Antonia’s calm infuriates Mona. Oh my God! I can’t believe you! She wants me to calm down, she hears Mona reporting to whoever is with her, probably Tilly. Mona has correctly repeated the content but not the terror that lies below the chilled surface of Antonia’s words.

Come on, Mo-mo, you know what I mean. Okay, okay, I’m sorry, Antonia concedes. Do not contradict the mad or the enraged—the buried instruction again resurfaces. Just tell me, okay? What happened?

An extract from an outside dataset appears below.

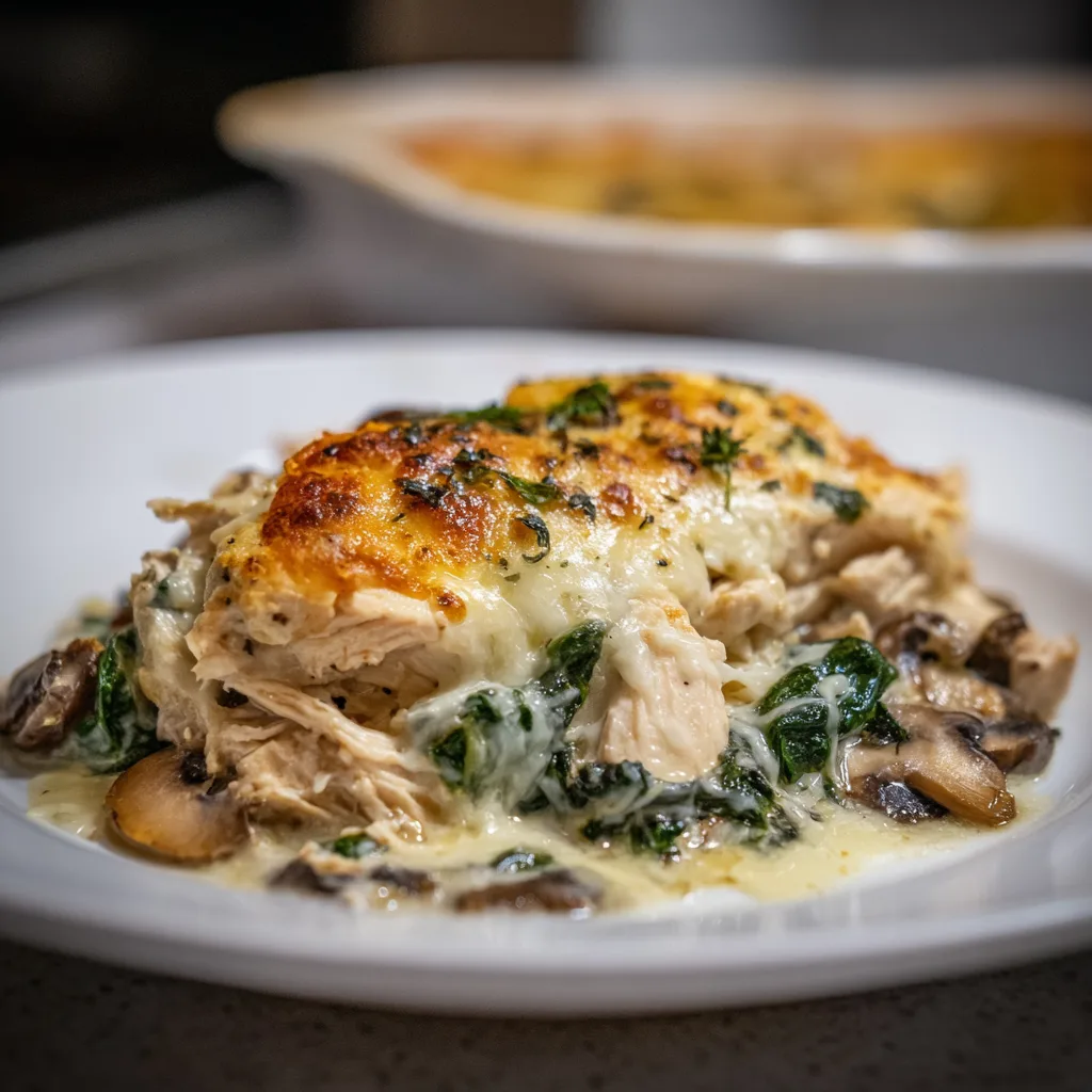 Hi there, food lover! 👋 Ready to make something wholesome, hearty, and oh-so comforting? Today, we’re diving into a classic family favorite that brings together tender chicken, earthy mushrooms, and fresh spinach, all wrapped in a creamy, cheesy hug. 💚🍗
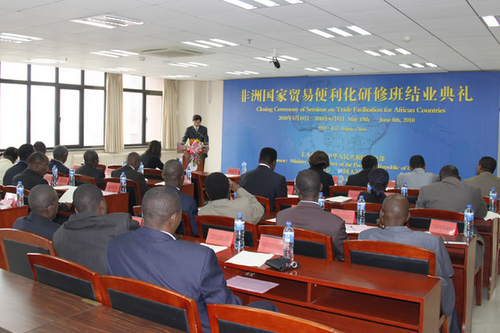 本届非洲国家贸易便利化研修班是由国家商务部主办,与联合国最不发达国家办公室合作,由腐漫网 承办的。研修班从2010年5月19日持续到6月8日,共有来自非洲地区的乌干达、利比里亚、加纳、尼日利亚、卢旺达、肯尼亚、马里、埃塞俄比亚、赞比亚、马达加斯加、马拉维、刚果(布)、刚果(金)等13个国家的30名经贸管理部门的司处级政府官员参加了研修班。联合国副秘书长,联合国最不发达高级别办公室(OHRLLs)高级代表、联合国非洲问题特别顾问迪亚拉先生出席了研修班的开班仪式并致辞。期间,来自联合国总部、世界银行、国家商务部援外司、国际司、WTO司,中国国际贸易促进委员会、人民大学、安徽进出口商会等机构的十余名专家、官员为研修班授课。研修班还赴安徽省进行了参观考察。这些活动为研修班官员全面了解中国经济贸易的真实状况搭建了广阔的平台。

I told Kim to make Izzy hand over all her meds, not to give her a prescription and let her self-administer. Nobody ever listens to me! Mona weeps. She took everything she had, plus everything she could find. My painkillers, sleeping pills. Empty bottles all over the place.

When was this? Antonia asks. She has enough wit not to voice the obvious question: Where were you all while this was going on? But Mona must hear the church bells ringing in Antonia’s tone of voice. She is instantly on the defensive. How were we supposed to hear her? She snuck into the bathroom while we were sleeping. By the time we woke up, she was totally passed out on the floor.

This will not do. Put Tilly on, Antonia says in a tight voice. She wants a better, second opinion on Mona’s bad news.

But Tilly is even less coherent than Mona: animal howls and whimpers of unbearable pain.